OK, so now I remember why I stopped doing woodworking. ;-) My tendonitis has flared up incredibly and I spent Tuesday in bed because my back hurt so badly. I did work on my shadowboxes more today though only for about an hour. Then we watched a very bizzarre movie "The Merry Gentleman" with Michael Keaton.
Again I noticed today that I don't feel obsessive about doing projects or reading now that I purposely devote time to it every day. I have no trouble setting aside what I'm doing to attend to something else. I didn't expect that out of this experiment. It gives me a very definite sense of freedom that I didn't have before. It's like being intentional about what I'm doing puts what I do completely back in my control.
Over the past few days I've been able to devote myself to completing several large deliverables and feeling like I did them well. I didn't feel like I had to do them at the expense of something else I wanted to do either.

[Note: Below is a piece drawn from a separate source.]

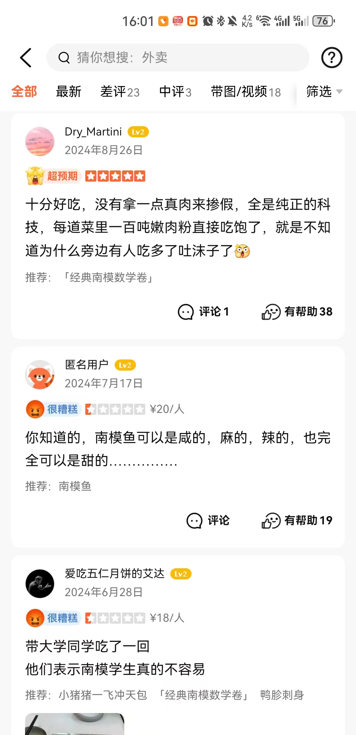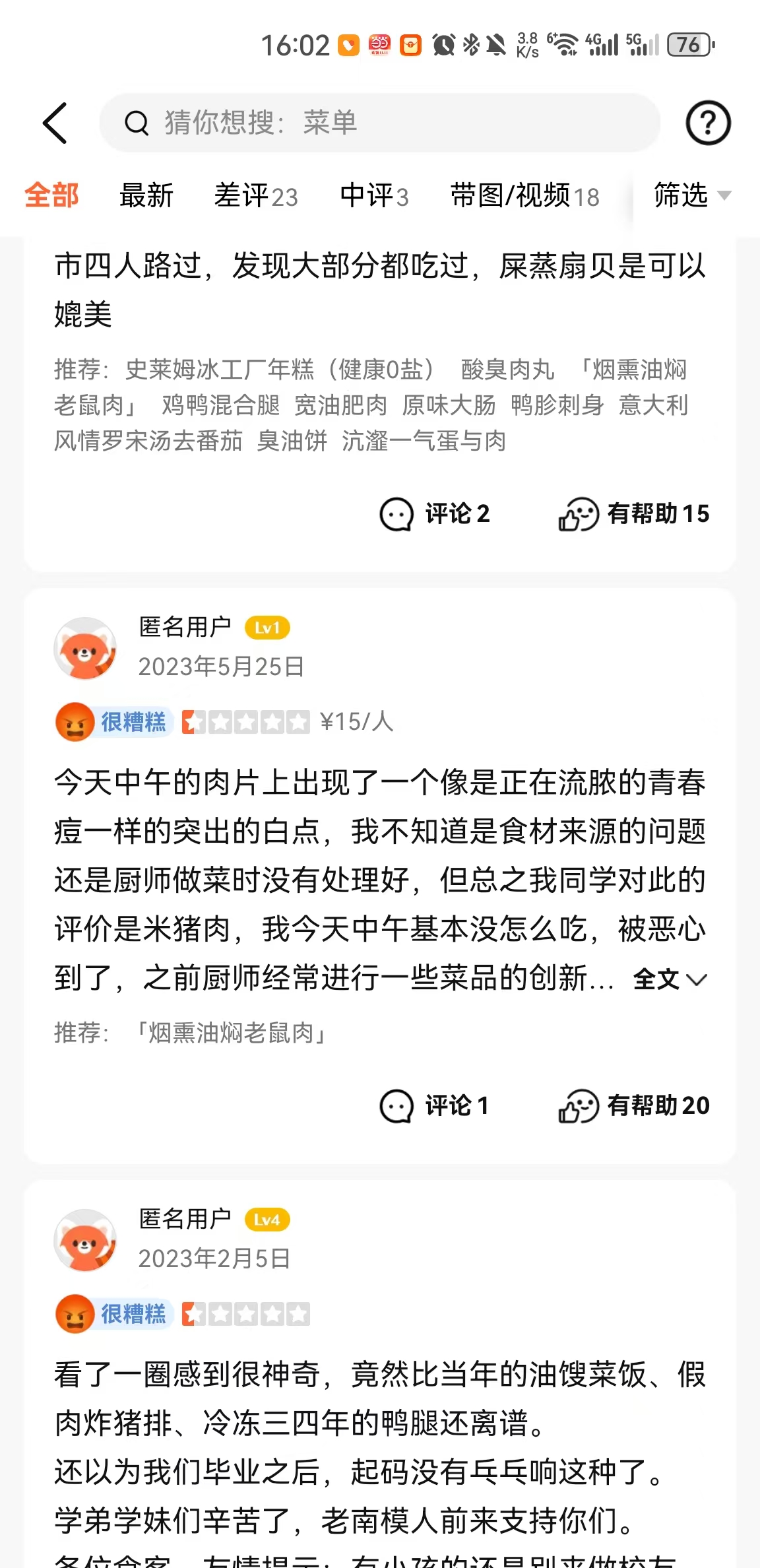 烟熏油焖老鼠肉,变异鸡,酸臭肉丸,小猪猪一飞冲天,潘莹鼻涕煮烂包,蛔虫面,蚯蚓下地,史莱姆兵工厂年糕,西红柿炒番茄,传统隔夜饭炒盐,咖喱石头饭,水煮薯条,鸡鸭混合腿,黯然销魂面,龟兔赛跑答辩炒粑粑,橡胶管意面,少女心炙烤马儿肉,玛丽亚请你喝茶,南模香香鸡,基佬紫馒头,钢丝面,蒸蛋缺德挞,老上海奶黄包佐海天酱油,宽油肥肉,原味大肠,丁老头er德芙巧克力,彩虹炒饭,鸭胗刺身,大肠刺身,无敌包菜盐巴面,情人节比翼双飞年糕,藕tu物,奥力给酱塑料大排,三国称霸面,名中学盖饭,世界旦炒饭,涅槃狮子头,502粽子,姜丝炒土豆丝,表皮脱落严重烧伤,沆瀣一气蛋与肉,黑木耳白菜炒皮革,意大利风情罗宋汤,蒸虾头,臭气扑鼻南模豆腐,福岛特产核废水养淋巴鱼,人生炒面,史色猪宝被豆沙灌满,臭油饼,Q弹重油面包糠佐鱿鱼圈,血红外星人肉,巧克力拌面,焦香臭麻婆豆腐,烂茄子泡油池子,经典巨咸含肉蛋饼,百戴银耳汤,干巴鸡腿,焖面猪肠,波奇饭,辣蒸僵尸鱼,经典发霉花菜,面粉炖蛋……

I was able to do both what I had to do for work and do things at home that I wanted to do.
Last night I spent the whole evening balancing my 2009 accounts in Quicken. I have 2 more to do that will be exceptionally challenging, however the vast majority of my 2009 finances I have completely accounted for. This is going to make doing my taxes so much easier and so much more complete. Again, I feel like I've gained control somewhere that I didn't have it before. While I was at it, I found a copy or Turbotax Personal & Business on ebid.com for less than $20. That's over $50 cheaper than buying it through Amazon!!! Score!!!!
My big insight for today is that by being intentional, I have control over not only what I do, but how I experience that as well as the quality of the outcome. This is a very cool thing that I intend to explore further.